I sat in my desk chair and looked around my office this afternoon, perplexed. What could I sell? What would my mother do, I wondered yet again, and my eyes lit upon a pile of magazines waiting to be read. I’d been picking up these magazines everywhere I went; Half-Price Books, thrift stores, eBay, a book sale… I’d even bought one or two of them off the stands when Borders was going out of business. With articles on paper crafting and the artistic illustrations, they’d spoken to me, just as I knew they would have to my mother, which was why I picked them up in the first place. They’d reminded me of my mother. In her own way, she’d done something similar by pasting pictures that spoke to her on brown paper bag “pages” she’d hand-sewn together. Mom was making beauty out of trash long before it was the hip thing to do. She’d made little denim jumpers out of her skirts, Raggedy Ann dolls out of extra fabric, and rugs out of rags long before shabby became chic.

“I could sell those,” I thought to myself. But first, I had to read them.

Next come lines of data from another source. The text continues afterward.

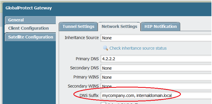- L'autre option consiste à configurer un suffixe DNS pour les zones qui doivent être résolues par les serveurs DNS configurés dans le portail GlobalProtect. Cela forcera le périphérique iOS à utiliser le serveur DNS émis par GlobalProtect pour le zones\domains défini dans le suffixe. Toutes les autres requêtes utiliseront les paramètres DNS configurés localement.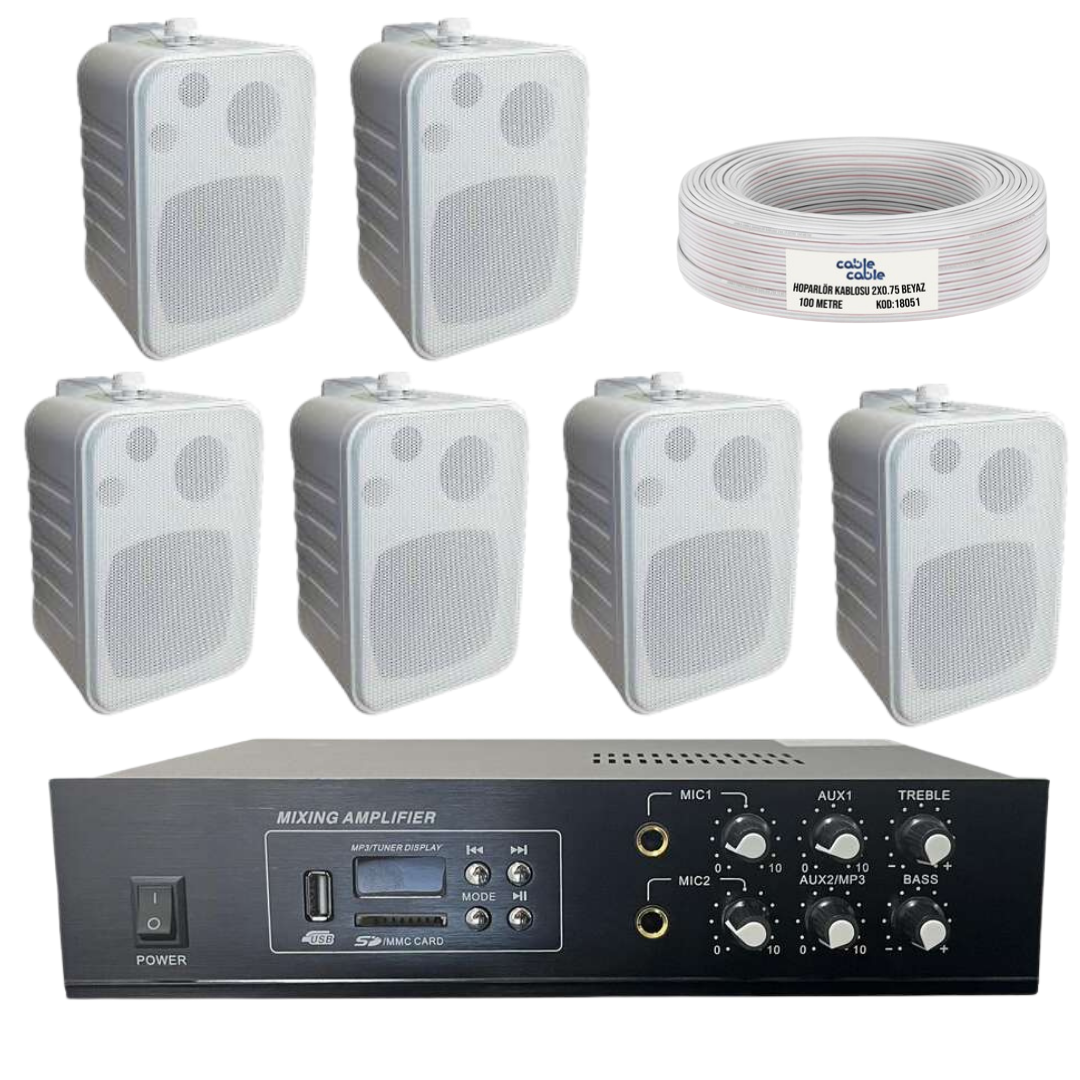Seslendirme Paketi 3-DW SESLENDİRME PAKETİ ÖZELLİKLERİ (6 BEYAZ DUVAR TİPİ HOPARLÖR) 6 Adet 20 Watt Duvar Tipi Hoparlör (Beyaz) 4” (10 cm) çapında 20 Watt hoparlör gücü 0-8 Ohm / 100V (Üçlü Klemens) Tweeter: 0.5” (13 mm) Mylar Dome 89dB hassasiyet 70Hz – 20kHz frekans aralığı Şık ve dayanıklı beyaz tasarım 1 Adet Hat Trafolu Mikser Amfi (80 Watt) 4-16 Ohm çıkış empedansı / 75V-120V MP3 Player (USB/SD Kart Girişi) Bluetooth bağlantı desteği 2 mikrofon girişi AUX IN, DVD IN, MIX OUT bağlantıları 220V AC güç beslemesi 1 Adet 100 Metre Kordon Kablo (2x0,75 mm²) Dayanıklı ve yüksek iletkenlik sağlayan bakır kablo Profesyonel ses aktarımı için ideal Estetik ve güçlü ses çözümü! Ofisler, mağazalar, restoranlar ve işletmeler için ideal!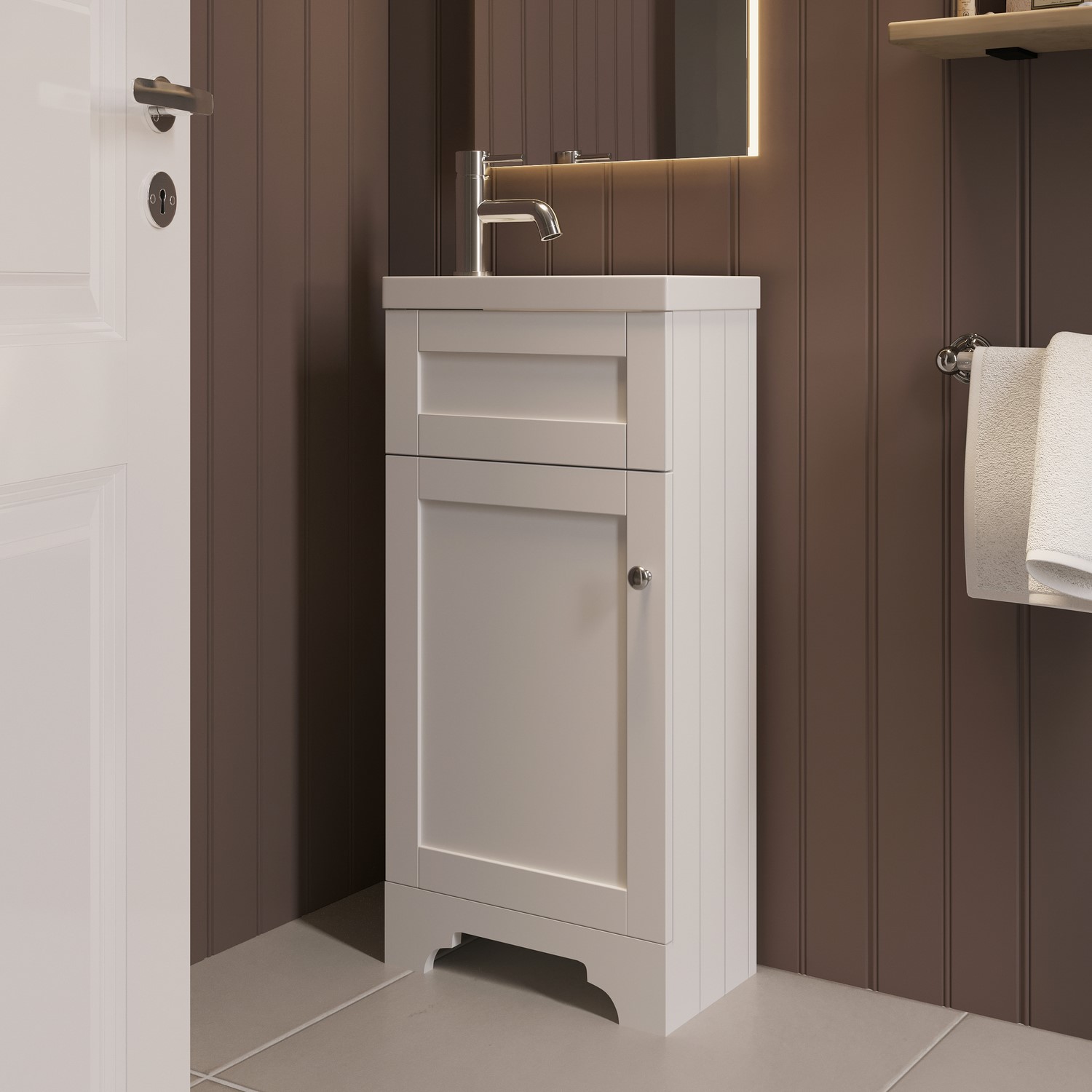 Traditional Basin Vanity Unit: Timeless shaker doors and detailing across the side panelling and front skirting brings classic charm to any bathroom.

It took me two hours to pore through the pages of altered books, scrapbook ideas, artsy homemade cards and wall-hangings and interviews with creative people. By the time I got to the last magazine, I was just flipping through the pages. I realized something then; As much as I love paper, stickers, and rubber stamps, I wasn’t going to be making a scrapbook in the next year or two. I’d probably never make an altered book, and I’m certainly not going to be trying my hand at sewing or piecework anytime soon. Why, I could hold onto these magazines for years and they wouldn’t do anything for my quest to be more creative.

But going to the conference would.

So, there they are, in all their glory; my magazines are posted on ebay, and my own conference fund established.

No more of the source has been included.